* [Information supplied]:
□ □ □

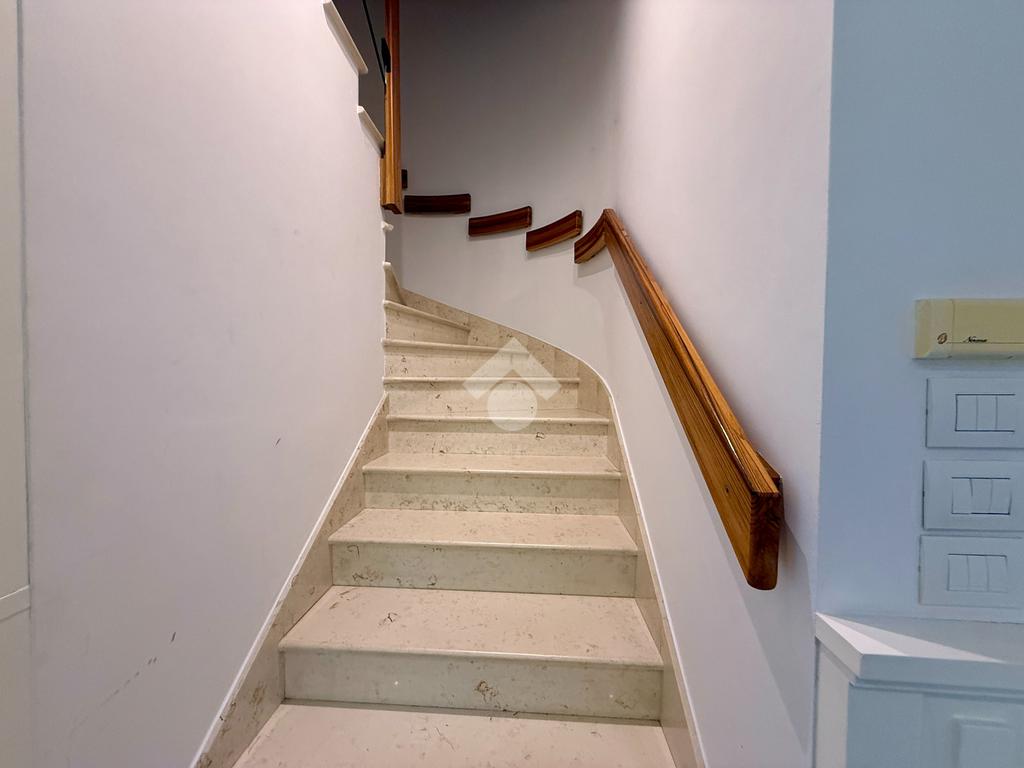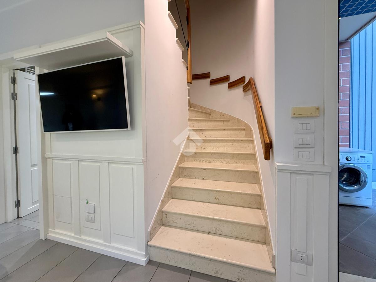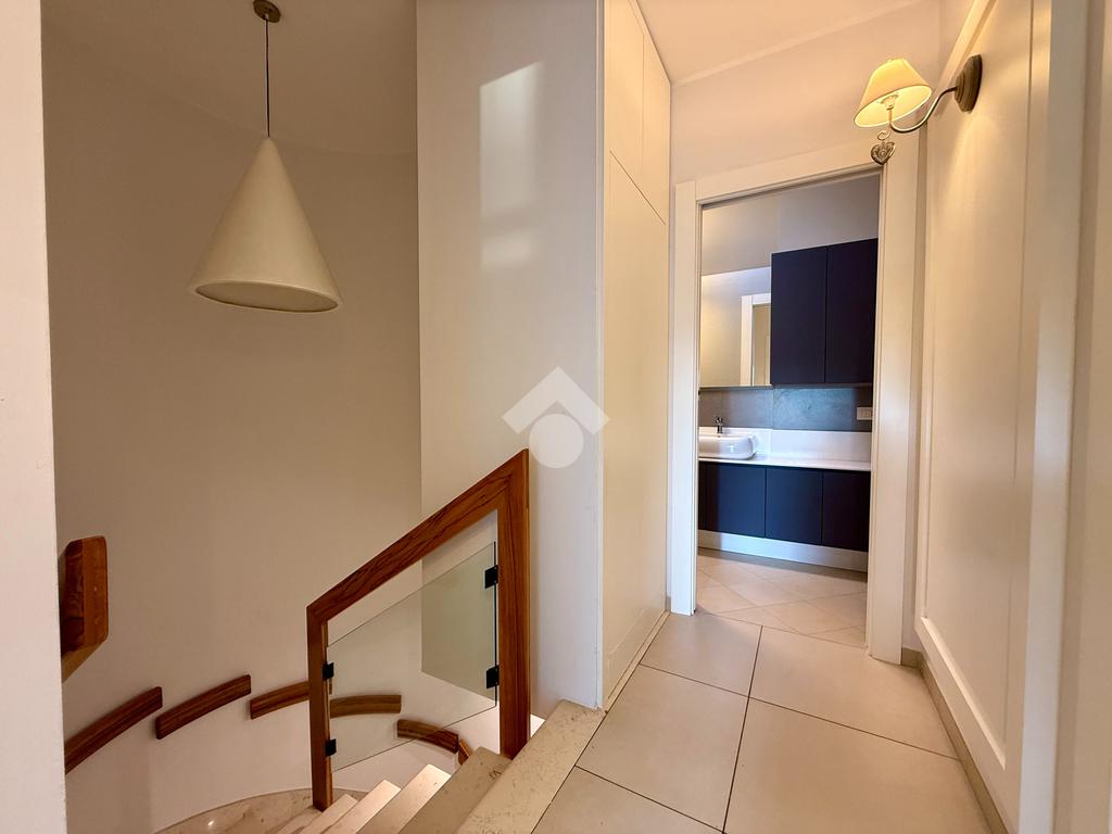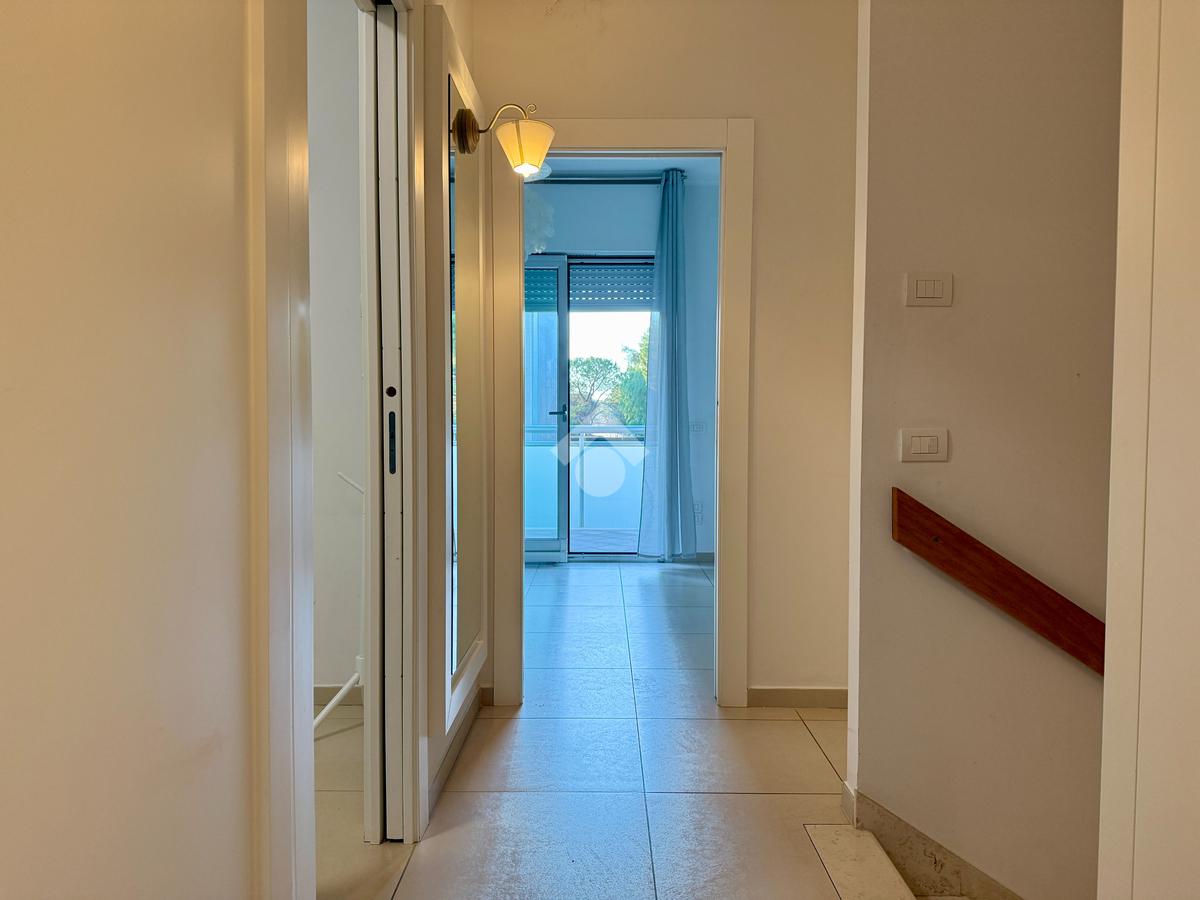 Una scala interna conduce al piano superiore, dove un disimpegno distribuisce gli ambienti della zona notte: un ampia camera da letto matrimoniale con affaccio esterno tramite balcone, una seconda camera da letto con finestra ed infine un secondo bagno, finestrato e dotato di doccia, curato nei dettagli e perfettamente funzionale.
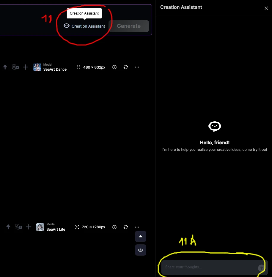 Click at Creative Assistant which located near the generate button to open a chat menu (marked by number 11) . Then type in some words at the Share your thoughts area (marked by number 11 A)
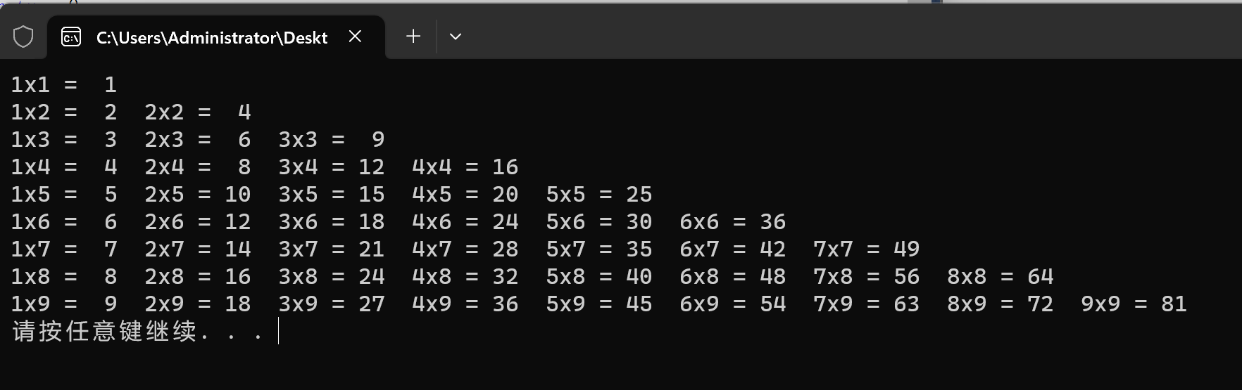 1 #include <stdio.h> 2 #include <stdlib.h> 4 5 int main() 6 { int i,j,ans; 7 for(i = 1; i <= 9; i++){ 8 for(j = 1; j <= i; j++){ 9 ans = i*j; 10 printf("%dx%d = %2d ",j,i,ans); 11 } 12 printf("\n"); 13 } 14 system("pause"); 15 return 0; 16 }

□ □ □

* [Directions]:
With the pictures set aside, copy each line above as written.

* [Written answer]:
 Una scala interna conduce al piano superiore, dove un disimpegno distribuisce gli ambienti della zona notte: un ampia camera da letto matrimoniale con affaccio esterno tramite balcone, una seconda camera da letto con finestra ed infine un secondo bagno, finestrato e dotato di doccia, curato nei dettagli e perfettamente funzionale.
 Click at Creative Assistant which located near the generate button to open a chat menu (marked by number 11) . Then type in some words at the Share your thoughts area (marked by number 11 A)
 1 #include <stdio.h> 2 #include <stdlib.h> 4 5 int main() 6 { int i,j,ans; 7 for(i = 1; i <= 9; i++){ 8 for(j = 1; j <= i; j++){ 9 ans = i*j; 10 printf("%dx%d = %2d ",j,i,ans); 11 } 12 printf("\n"); 13 } 14 system("pause"); 15 return 0; 16 }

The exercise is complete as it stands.